SOURCE MATERIAL:
----

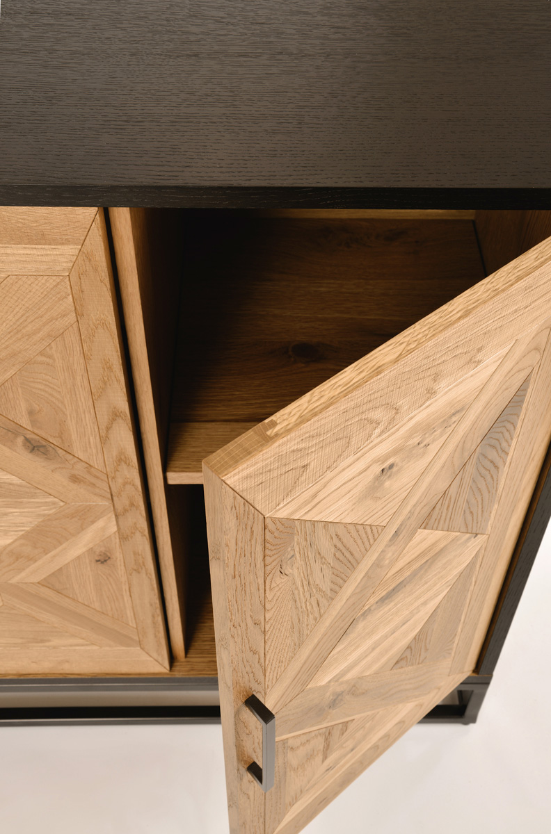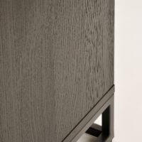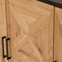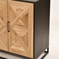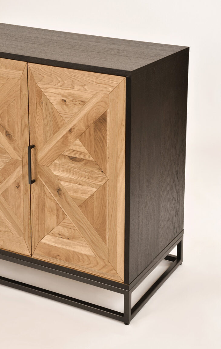 Komoda Indus to wyjątkowy mebel w stylu loftowym, który łączy w sobie surowość metalu z ciepłem naturalnego drewna. Osadzona na solidnej stalowej podstawie w kolorze ciemnego grafitu, z czarnym korpusem i efektownymi frontami wykonanymi z litego białego dębu. Intarsja w kształcie litery X na drzwiczkach tworzy geometryczną, artystyczną kompozycję, która od razu przyciąga wzrok.
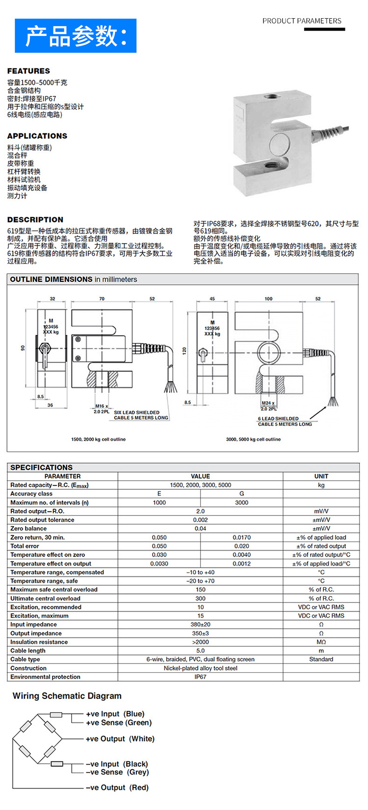 美國Tedea 619稱重傳感器產(chǎn)品參數(shù):
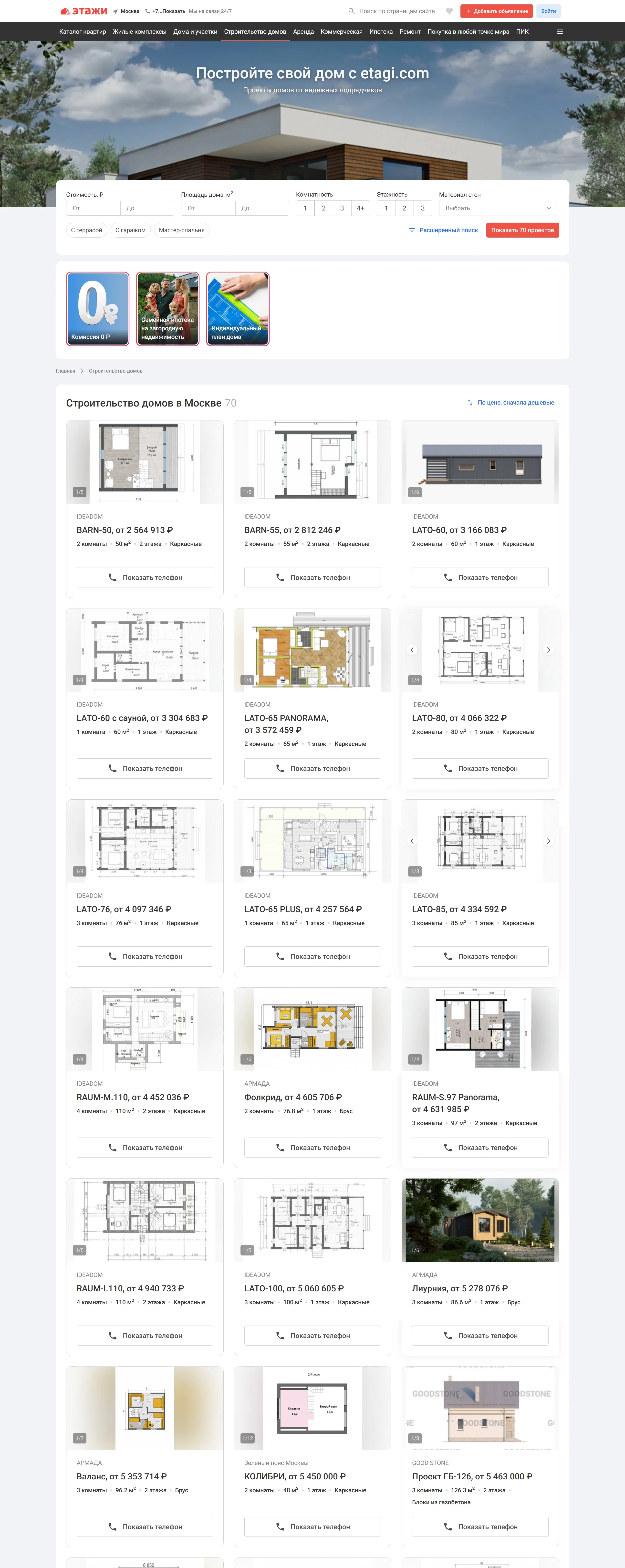 Секция «Товары» с сайта https://msk.etagi.com/, тематика — Агентство , Недвижимость, цвета — Белый, Серый, стиль — Корпоративный, типографика — Без засечек

----

EXERCISE REQUIREMENTS:
Return each of the lines exactly as they appear above, with no images.

RESULT:
 Komoda Indus to wyjątkowy mebel w stylu loftowym, który łączy w sobie surowość metalu z ciepłem naturalnego drewna. Osadzona na solidnej stalowej podstawie w kolorze ciemnego grafitu, z czarnym korpusem i efektownymi frontami wykonanymi z litego białego dębu. Intarsja w kształcie litery X na drzwiczkach tworzy geometryczną, artystyczną kompozycję, która od razu przyciąga wzrok.
 美國Tedea 619稱重傳感器產(chǎn)品參數(shù):
 Секция «Товары» с сайта https://msk.etagi.com/, тематика — Агентство , Недвижимость, цвета — Белый, Серый, стиль — Корпоративный, типографика — Без засечек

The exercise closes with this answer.